ROS serve vital roles in modulating cell signaling pathways [15], gene expression, cell proliferation, apoptosis [16], DNA synthesis, cellular migration and invasion, tumor metastasis and angiogenesis [17,18]. Oxidative stress and/or nitrosative stress can activate several transcription factors, including nuclear factor (NF)-κB, activator protein 1, p53, hypoxia-inducible factor 1-α (HIF-1α), matrix metalloproteinases, peroxisome proliferator-activated receptor-γ, β-catenin/Wnt, and nuclear factor erythroid 2-related factor 2 (Nrf2) [19,20].
Hydroxyl and nitrosyl radicals, either by a direct reaction or by triggering a radical chain reaction, are the major contributors to the destruction of important biomolecules. Cellular redox dysregulation is one of the most important contributors to the pathogenesis of cardiovascular and metabolic diseases [21]. It has a causal role in various vascular diseases such as hypertension, diabetic vasculopathy, hypercholesterolemia and atherosclerosis. ROS mediate various signaling pathways that underlie cardiovascular pathophysiology [21]. Peroxynitrite plays a decisive role in the pathogenic mechanism for conditions such as stroke, myocardial infarction and chronic heart failure [22]. Indeed, acute and chronic excessive intracellular increases of ROS are implicated in the initiation and progression of cardiovascular diseases. For example, excessive ROS impair endothelial and vascular smooth muscle cell functions [23].

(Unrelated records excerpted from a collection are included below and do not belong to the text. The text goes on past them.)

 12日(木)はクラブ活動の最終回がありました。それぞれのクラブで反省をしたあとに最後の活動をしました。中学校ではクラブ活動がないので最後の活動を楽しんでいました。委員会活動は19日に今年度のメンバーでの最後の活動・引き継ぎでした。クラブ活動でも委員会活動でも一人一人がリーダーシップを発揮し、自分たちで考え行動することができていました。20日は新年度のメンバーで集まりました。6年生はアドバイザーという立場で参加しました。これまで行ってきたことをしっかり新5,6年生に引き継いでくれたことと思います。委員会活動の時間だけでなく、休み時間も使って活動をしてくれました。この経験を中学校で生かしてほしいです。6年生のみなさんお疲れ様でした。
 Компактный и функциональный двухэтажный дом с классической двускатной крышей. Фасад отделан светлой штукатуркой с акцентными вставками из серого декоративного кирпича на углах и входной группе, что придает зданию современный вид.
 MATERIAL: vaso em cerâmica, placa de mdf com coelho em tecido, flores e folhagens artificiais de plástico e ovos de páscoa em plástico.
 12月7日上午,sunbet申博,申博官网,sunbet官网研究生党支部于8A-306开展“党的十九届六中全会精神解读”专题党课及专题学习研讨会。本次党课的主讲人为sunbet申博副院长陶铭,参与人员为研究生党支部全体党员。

2.1. Radiation and Radiation-Induced Heart Disease

It has been demonstrated that a number of factors including intense exercise, cardiac infarction, cessation of blood flow, organ transplantation, inflammation, and radiation exposure can cause acute oxidative stress [24]. Radiation therapy is a primary method used to manage cancer; however, many noxious effects are inevitably linked to radiation exposure [25]. Radiation-induced symptoms are associated with increased ROS and inflammation during radiotherapy, which significantly impair the patient’s quality-of-life [26]. Exposure to a high dose of radiation over a short time is associated with acute radiation syndrome, whose symptoms are initially manifested as severe diarrhea and fluid loss [26].

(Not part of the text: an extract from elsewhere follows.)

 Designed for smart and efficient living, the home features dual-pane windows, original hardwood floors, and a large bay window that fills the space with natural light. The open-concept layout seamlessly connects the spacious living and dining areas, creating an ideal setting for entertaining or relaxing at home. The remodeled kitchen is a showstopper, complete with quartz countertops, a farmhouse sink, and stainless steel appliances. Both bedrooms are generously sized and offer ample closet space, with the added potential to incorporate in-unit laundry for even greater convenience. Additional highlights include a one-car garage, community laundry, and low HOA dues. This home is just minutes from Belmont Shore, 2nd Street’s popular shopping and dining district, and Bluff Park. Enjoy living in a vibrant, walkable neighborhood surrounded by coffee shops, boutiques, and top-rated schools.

The noxious consequences of radiation occur from either direct or indirect effects, which account for most of the damage [27]. Radiation induces a direct detrimental effect by directly damaging critical biomolecules including DNA, proteins, and lipids [28,29]. The indirect detrimental biological effect is attributed to toxic hydroxyl radicals (OH) generated from radiolysis of H2O [9], which is estimated to account for 60–70% of the radiation-induced cellular damage. The hydroxyl radical is one of the most reactive ROS and reacts rapidly and indiscriminately with biological macromolecules. These biomolecules include DNA, which produces 8-hydroxy-2´-deoxyguanosine (8-OHdG, a biomarker of carcinogenesis) membrane lipids [30,31], as well as amino acids, and proteins. These reactions lead to the formation of various secondary ROS [32], which can result in severe health impairments due to cellular injury and irreversible damage in susceptible cells and organs [33]. Biomarkers such as malondialdehyde (MDA), thiobarbituric acid reactive substances (TBARs), etc. are indices of lipid peroxidation and membrane damage, which lead to pathological changes in membrane permeability [4,34,35,36].

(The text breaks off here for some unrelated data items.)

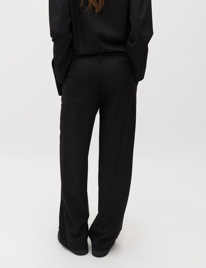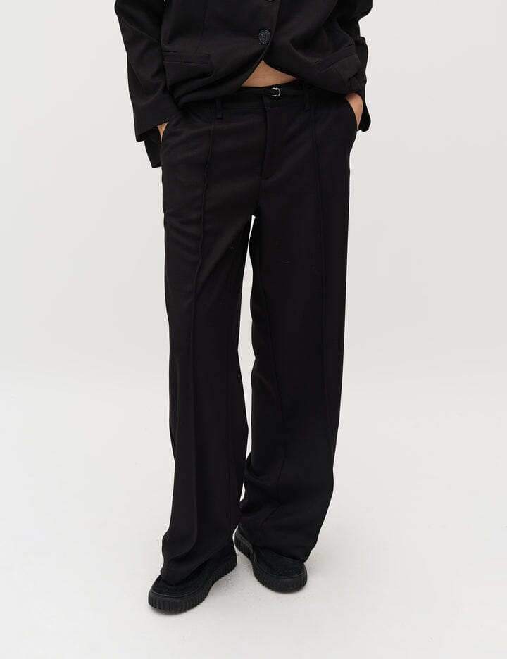 Sorte bukser fra MbyM med dekorative syninger og bælte-detaljer. Bukserne har en bred benåbning og gulvlængde, og de passer til både afslappede og formelle lejligheder.
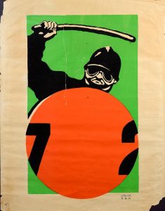 75 x 68 cm. Sérigraphie au pochoir bleu foncé sur fond vert, bouclier orangé. Atelier F. A. P. Déchirure centrale et aux angles. Très rare.
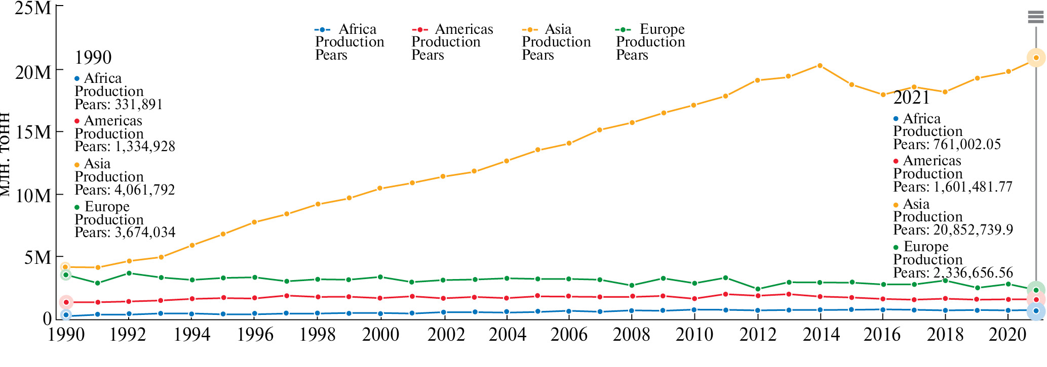 Груша имеет большой потенциал в промышленном производстве. На основании данных ФАО (Продовольственная и сельскохозяйственная Организация Объединенных Наций) можно проследить динамику роста производства груши в мире. За период с 1990 г. по 2021 г. (рис. 1) видны изменения в мировом производстве груши от 9.5 млн тонн (суммарное количество производства груши в 1990 г.) до более чем 22 млн тонн в 2021 г. Также можно отметить, что страны Азии лидируют на протяжении рассматриваемого периода, начиная с производства 4 млн тонн груши (1990 г.) до более чем 20 млн тонн (2021 г.) в год.

Direct and indirect effects of radiation induce excessive production of eicosanoids (e.g., prostaglandins, prostacyclin, thromboxane and leukotrienes), which are endogenous mediators of inflammation, vasodilation or vasoconstriction, vascular permeability, and microthrombus formation [4]. Radiation injury to the myocardium is caused chiefly by these inflammatory aberrations in the microvasculature, leading to the activation of thrombin signaling and subsequent release of selectins and adhesion molecules [37]. This induces adhesion and extravasation of leukocyte transmigration of circulating monocytes resulting in vascular permeability and vasomotor changes in endothelial cells, which further induces leukocyte trafficking [38]. In the presence of elevated cholesterol, invading monocytes transform into activated macrophages and form fatty streaks in the intima [1]. Other pathological aberrations following irradiation include loss of alkaline phosphatase activity of capillary endothelial cells, and various pro-thrombotic changes such as production and release of von Willebrand factor (vWF), as well as a decreased production of thrombomodulin (Tm) and adenosine diphosphatase (ADPase) [39,40]. These changes further result in microthrombi, occlusion of vessels, reduced vascular density, perfusion defects, and focal ischemia, all of which lead to progressive myocardial cell death and fibrosis [1]. Cardiotoxic effects due to radiation exposure are collectively referred to as radiation-induced heart disease (RIHD).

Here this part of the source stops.